*Exercise aim*. Please return the listing exactly as written, but without its pictures.

*Collected data*.
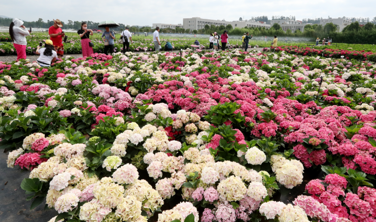 端午假日,在昆明宜良福建新保绣球园种植基地,游人在种植基地花圃打卡拍照、选购心仪的花木,在灿烂花海中度过充满缤纷色彩的休闲假日。
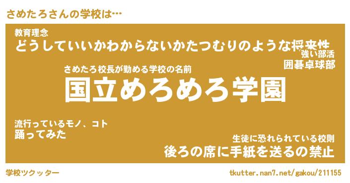 | 意味不明あだ名 | 『ペロリンさめたろ』『永久保存さめたろ』 |
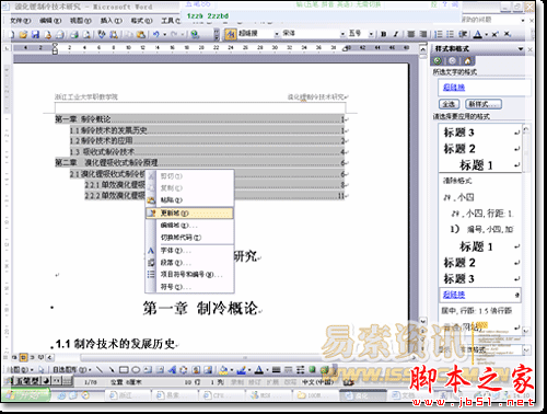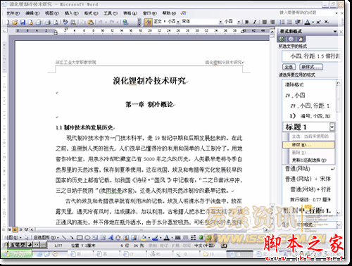 2.出现右边的一条“样式格式”栏,这里面主要就是用到标题1,标题2,标题3。把标题1,标题2,标题3分别应用到文中各个章节的标题上。例如:文中的“第一章 制冷概论”我们就需要用标题1定义。而“1.1制冷技术的发展历史”就用标题2定义。如果有1.1.1×××那就用标题3来定义。
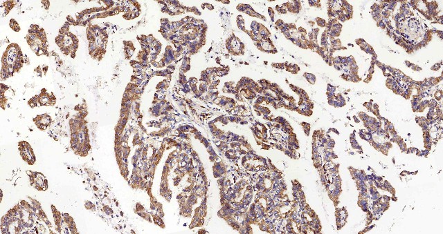 Immunohistochemistry analysis of paraffin-embedded human stomach cancer using HSPA5 Polyclonal Antibody at dilution of 1:300.

*Task answer*.
 端午假日,在昆明宜良福建新保绣球园种植基地,游人在种植基地花圃打卡拍照、选购心仪的花木,在灿烂花海中度过充满缤纷色彩的休闲假日。
 | 意味不明あだ名 | 『ペロリンさめたろ』『永久保存さめたろ』 |
 2.出现右边的一条“样式格式”栏,这里面主要就是用到标题1,标题2,标题3。把标题1,标题2,标题3分别应用到文中各个章节的标题上。例如:文中的“第一章 制冷概论”我们就需要用标题1定义。而“1.1制冷技术的发展历史”就用标题2定义。如果有1.1.1×××那就用标题3来定义。
 Immunohistochemistry analysis of paraffin-embedded human stomach cancer using HSPA5 Polyclonal Antibody at dilution of 1:300.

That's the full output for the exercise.